• Data listing:

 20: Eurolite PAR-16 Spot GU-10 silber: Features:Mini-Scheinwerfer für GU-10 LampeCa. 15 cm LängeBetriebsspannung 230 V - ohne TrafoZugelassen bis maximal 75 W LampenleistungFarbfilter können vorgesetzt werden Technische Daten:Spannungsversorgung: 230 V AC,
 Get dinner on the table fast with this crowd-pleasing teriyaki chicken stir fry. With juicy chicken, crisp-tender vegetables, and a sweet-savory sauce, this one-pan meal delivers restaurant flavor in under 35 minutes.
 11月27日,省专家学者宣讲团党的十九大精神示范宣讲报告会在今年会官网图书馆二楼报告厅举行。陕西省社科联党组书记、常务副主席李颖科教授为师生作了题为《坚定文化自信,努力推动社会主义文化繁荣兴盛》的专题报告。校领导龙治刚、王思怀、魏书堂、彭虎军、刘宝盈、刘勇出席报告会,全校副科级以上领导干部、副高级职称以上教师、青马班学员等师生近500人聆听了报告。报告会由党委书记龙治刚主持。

==

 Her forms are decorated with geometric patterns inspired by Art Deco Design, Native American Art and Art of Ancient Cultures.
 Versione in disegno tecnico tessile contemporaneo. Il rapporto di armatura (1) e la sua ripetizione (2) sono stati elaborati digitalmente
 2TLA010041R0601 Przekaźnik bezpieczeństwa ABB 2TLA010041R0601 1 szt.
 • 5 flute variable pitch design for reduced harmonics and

...

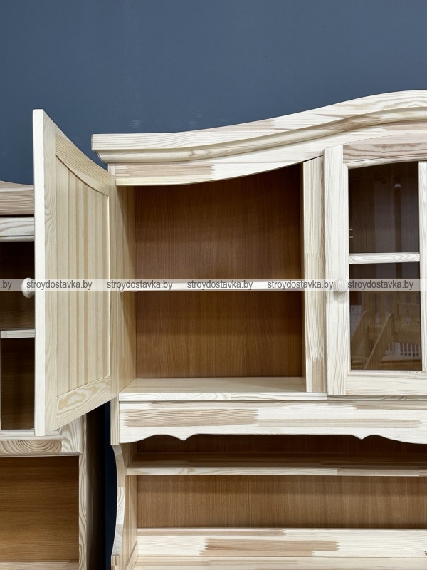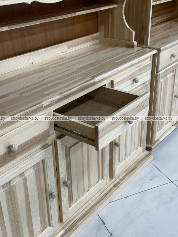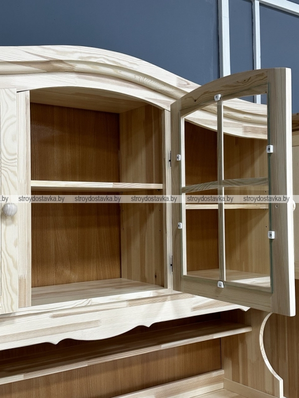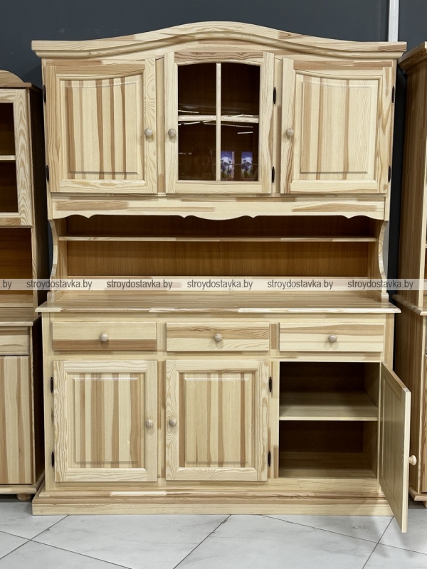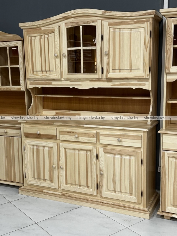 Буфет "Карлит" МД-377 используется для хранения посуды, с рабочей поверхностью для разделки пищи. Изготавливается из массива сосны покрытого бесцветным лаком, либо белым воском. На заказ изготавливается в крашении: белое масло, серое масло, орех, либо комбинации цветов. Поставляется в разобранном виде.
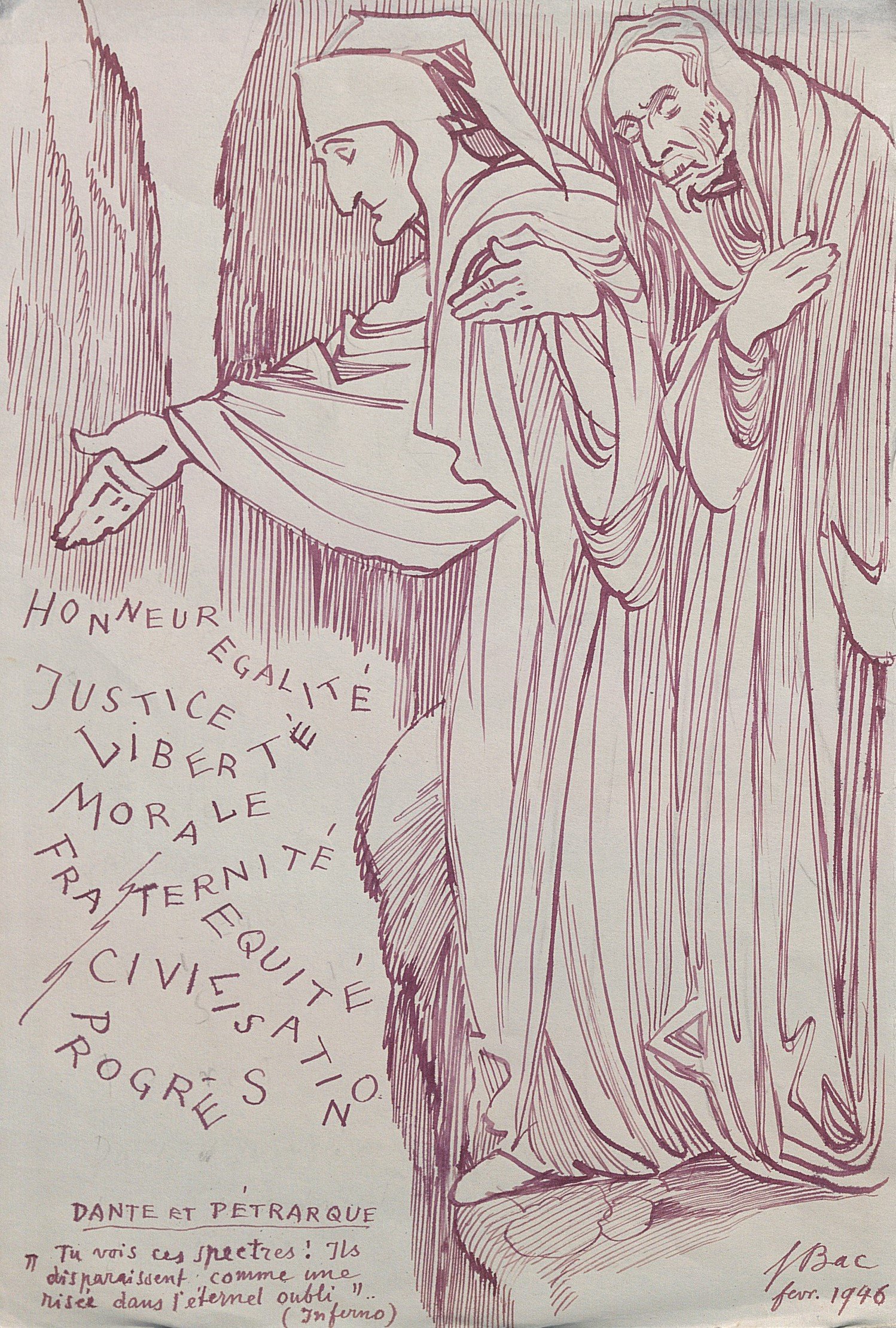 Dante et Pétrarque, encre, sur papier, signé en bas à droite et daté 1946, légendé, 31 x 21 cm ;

• Goal of the exercise:
Only lines holding the word "with" are wanted; list them all from the material.

• Solution to this exercise:
 Get dinner on the table fast with this crowd-pleasing teriyaki chicken stir fry. With juicy chicken, crisp-tender vegetables, and a sweet-savory sauce, this one-pan meal delivers restaurant flavor in under 35 minutes.
 Her forms are decorated with geometric patterns inspired by Art Deco Design, Native American Art and Art of Ancient Cultures.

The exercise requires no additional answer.